Bab 3
Vivian langsung berdiri dan menampar Emma.
"Pelacur setan? Kamu cuma iri karena Matt lebih memilih bersama orang seperti aku!"
"Dan kamu cuma perempuan jahat yang nggak bisa dapat cowok sendiri. Ini pacar keempat yang kamu rebut, kan? Cari hidup yang bener deh!"
Vivian tampak hampir terluka. Dia melampiaskan kemarahannya dan menarik rambut Emma. Dia sudah cukup. Amarah yang dia pendam sepanjang hari tidak bisa ditahan lagi. Didorong oleh minuman, dia melawan Vivian dan mereka terlibat dalam perkelahian hebat. Mereka saling mencakar, menampar, dan menarik satu sama lain. Emma merasa seperti mengalami pengalaman di luar tubuhnya. Dia ingin Vivian merasakan sakit yang dia rasakan. Dia melayangkan tamparan lagi, tapi Matt melompat di antara mereka.

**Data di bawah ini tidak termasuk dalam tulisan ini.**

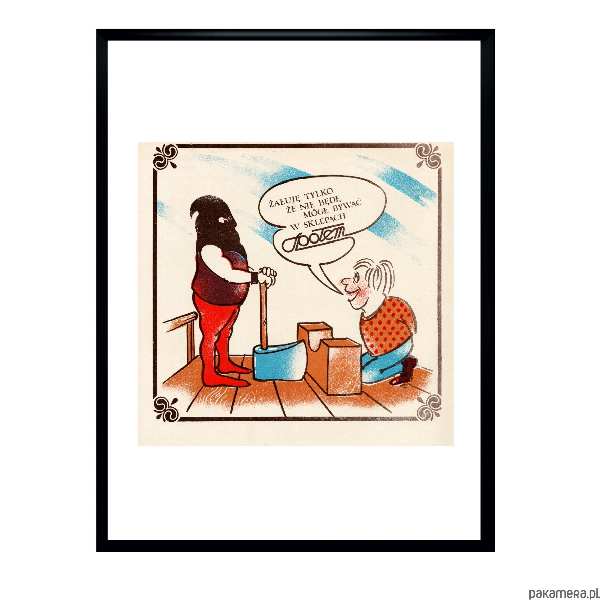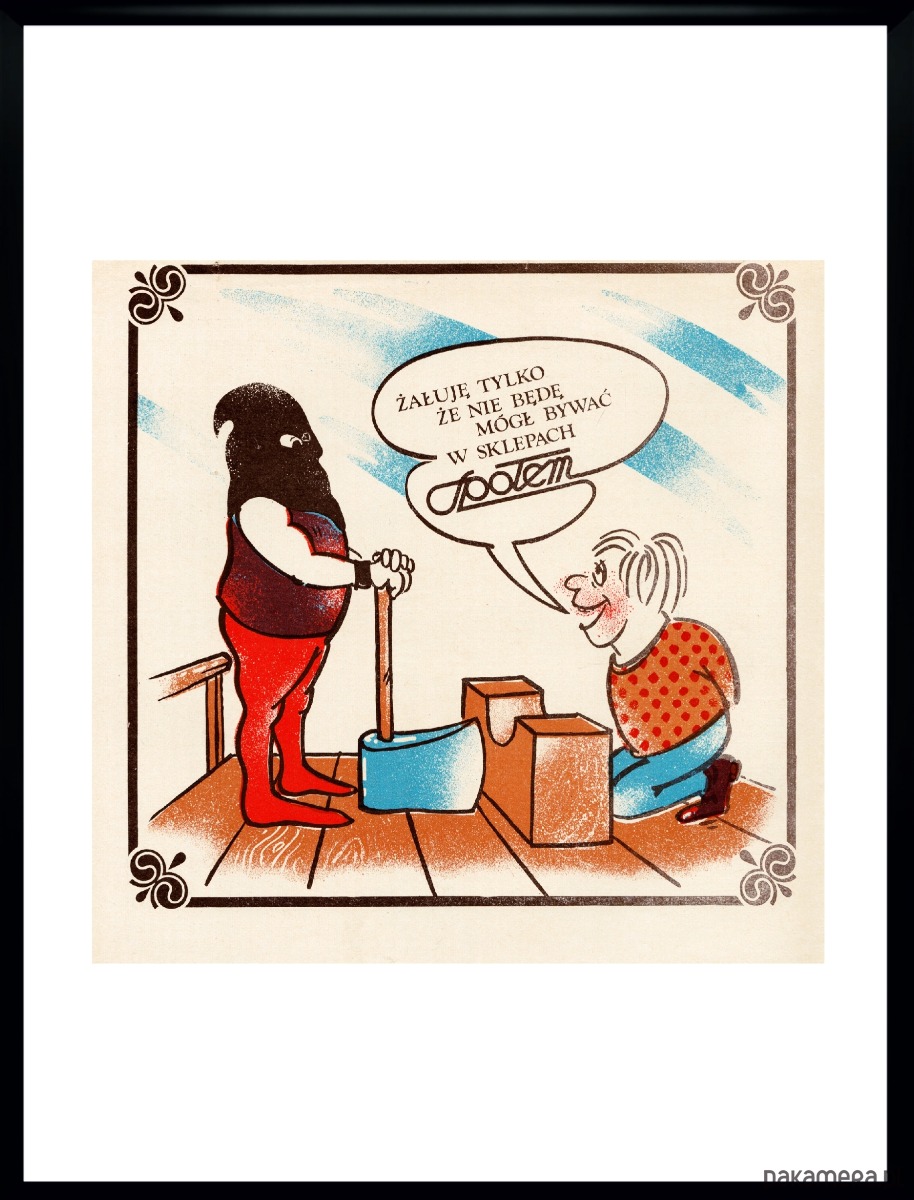 Na reklamie hasło reklamowe w komiksowej chmurce: "Żałuję tylko, że nie będę mógł bywać w sklepach SPOŁEM". Charakterystyczny dla tamtej epoki humorystyczny rysunek kata z siekierą i wystraszonej ofiary, która za chwilę straci swoje życia.
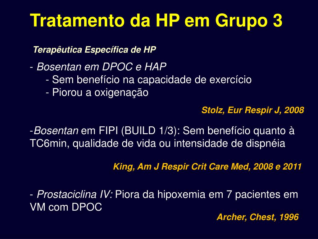 Tratamento da HP em Grupo 3 Terapêutica Específica de HP • Bosentan em DPOC e HAP • Sem benefício na capacidade de exercício • Piorou a oxigenação • Bosentan em FIPI (BUILD 1/3): Sem benefício quanto à TC6min, qualidade de vida ou intensidade de dispnéia • Prostaciclina IV: Piora da hipoxemia em 7 pacientes em VM com DPOC Stolz, Eur Respir J, 2008 King, Am J Respir Crit Care Med, 2008 e 2011 Archer, Chest, 1996

"Berhenti!" dia berteriak. "Berhenti!"
Kedua gadis itu mundur. Amarah masih mendidih dalam darah Emma. Dia ingin mencabuti rambut perempuan itu helai demi helai. Tapi kemarahannya pada Matt berada di level yang berbeda. Pada akhirnya, ini semua salah Matt. Vivian mungkin menggoda dia, tapi tidak akan terjadi apa-apa jika Matt tidak menginginkannya.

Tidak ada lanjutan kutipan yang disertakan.